Harvest: The Hidden Histories of Seven Natural Objects Audiobook
Harvest: The Hidden Histories of Seven Natural Objects Audiobook
- Roy Mcmillan
- Random House UK
- 2019-08-08
- 8 h 35 min
Summary:
‘An exceptional initial book; Harvest is definitely a subtle, exciting braiding of travel, social and natural history … It is a satisfaction and an education to journey with him in these pages’ Robert Macfarlane
Inside a centuries-old tradition, farmers in northwestern Iceland scour remote coastal plains for the down of nesting eider ducks.
High in the vast cave in Borneo, men perched atop rickety ladders gather swiftlets’ nests, a delicacy believed to be a cure for almost anything.
Eiderdown and edible approximately Harvest: The Hidden Histories of Seven Organic Objects parrots’ nests: both are luxury products, ultimately destined for the super-rich. To the rest of the world these components are mere commodities but to the harvesters all of them are imbued with misconception, tradition, folklore and ritual, and form element of a shared identification and history.

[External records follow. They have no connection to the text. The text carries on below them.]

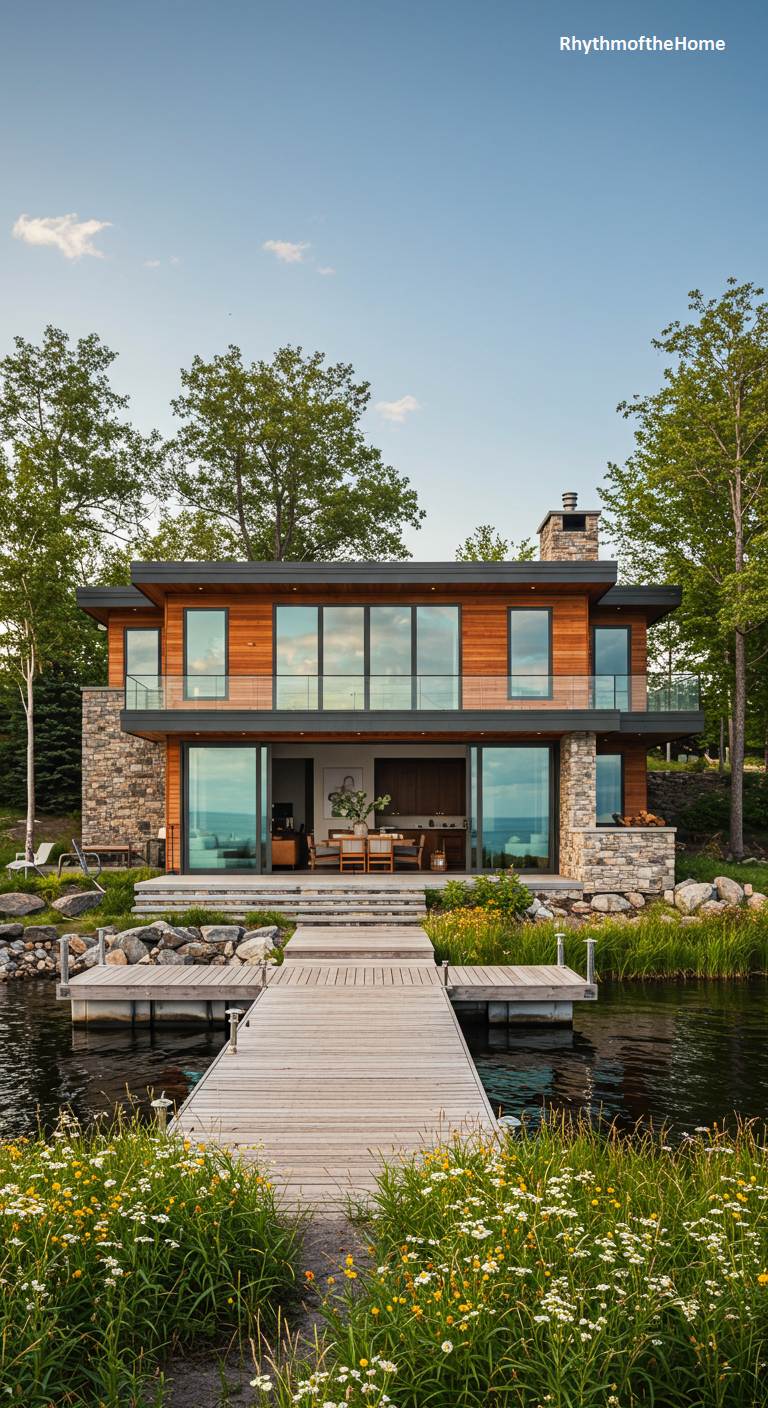 This modern home rests in perfect harmony with its tranquil lakeside setting. Its clean, horizontal lines are softened by natural materials; warm wood siding complements the rugged texture of stacked stone, while expansive glass walls dissolve the boundary between the cozy interior and the calm water. A simple wooden dock extends like an open invitation, bridging the manicured landscape with the lake’s gentle currents. Framed by wildflowers and mature trees, the residence feels less like an imposition on the landscape and more like a quiet, elegant vantage point from which to soak in the surrounding peace.
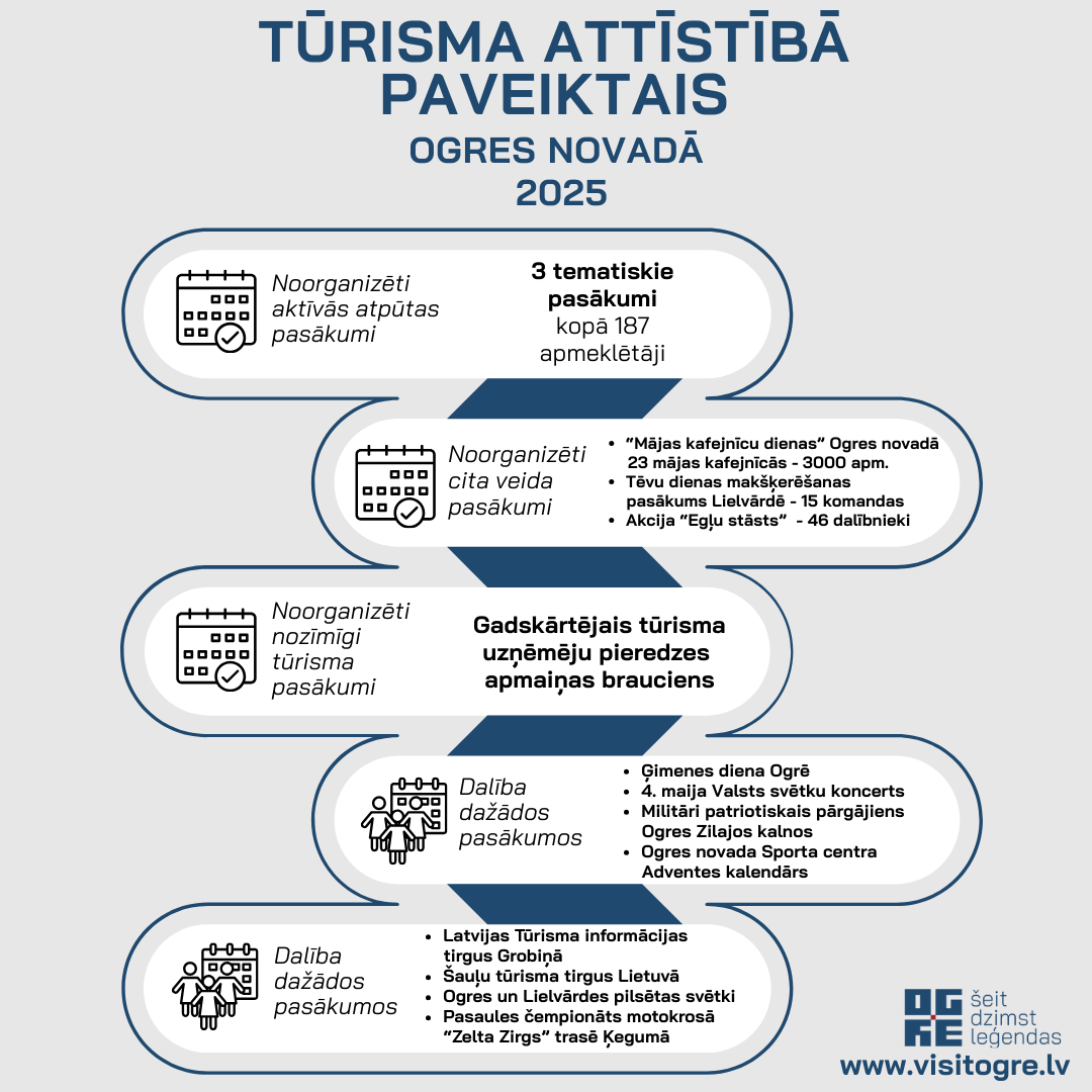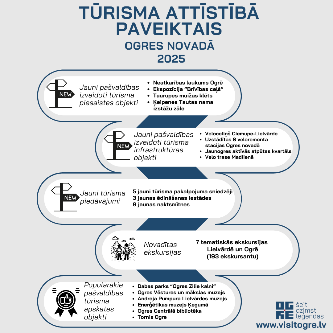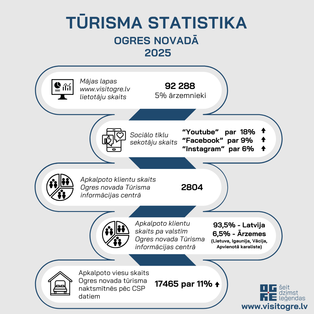 2025. gads Ogres novadā iezīmējies ar mērķtiecīgu tūrisma nozares attīstību, ko apliecina gan digitālo kanālu pieaugošā nozīme, gan stabila apmeklētāju interese par novada piedāvājumu. Tūrisma statistikas dati liecina par veiksmīgu komunikāciju ar auditoriju, augošu sabiedrības iesaisti un plašu interesi par pasākumiem un kultūrvēsturiskā mantojuma izzināšanu. Vienlaikus aizvadītajā gadā īstenoti vairāki nozīmīgi infrastruktūras un kultūrvides projekti, kas būtiski stiprinājuši Ogres novada pozīcijas kā daudzveidīgam un pieejamam tūrisma galamērķim.
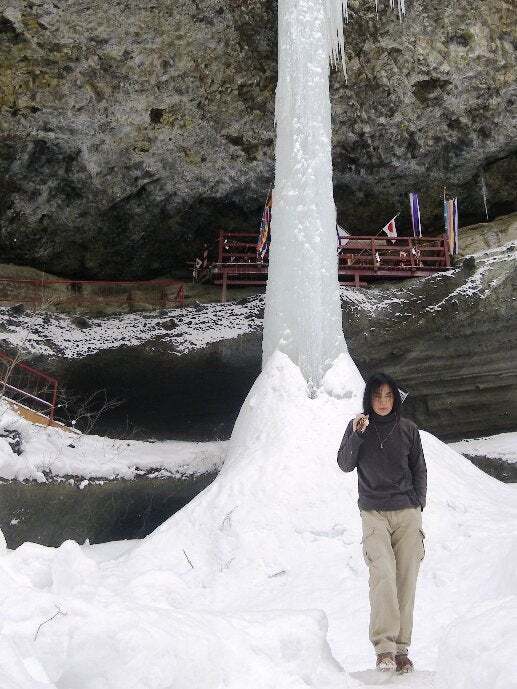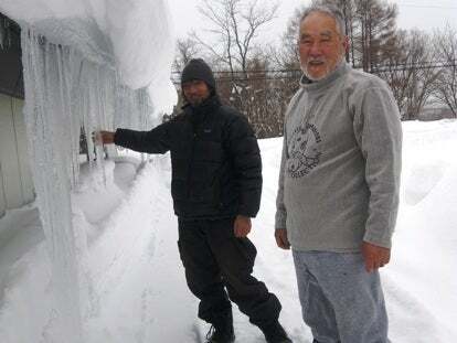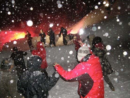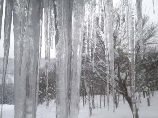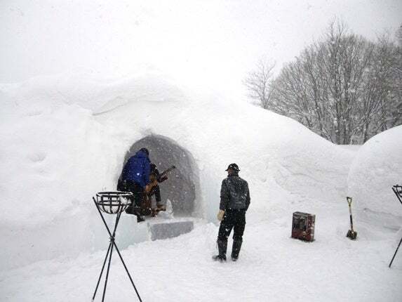 ライブの空き日に真狩チームとニセコチームのご対面。今年の氷柱はデカイ。

These objects are two of the seven natural wonders whose stories Harvest tells: eiderdown, vicuña wool, sea silk, vegetable ivory, civet coffee, guano and edible birds’ nests. Harvest comes after their journey in the wildest parts of the planet, traversing Iceland, Indonesia, and Peru, to its urban centres, sketching on the voices from the gatherers, shearers and business owners who harvest, process and trade them.
Blending interviews, history and travel composing, Harvest sets these human tales against our changing financial and ecological landscaping. What do they reveal about capitalism, global marketplace causes and overharvesting? So how exactly does a local micro-economy survive in a hyper-connected world?
Harvest makes us start to see the globe with wonder, attention and new concern. It really is a genuine and magical new map of the world and its riches.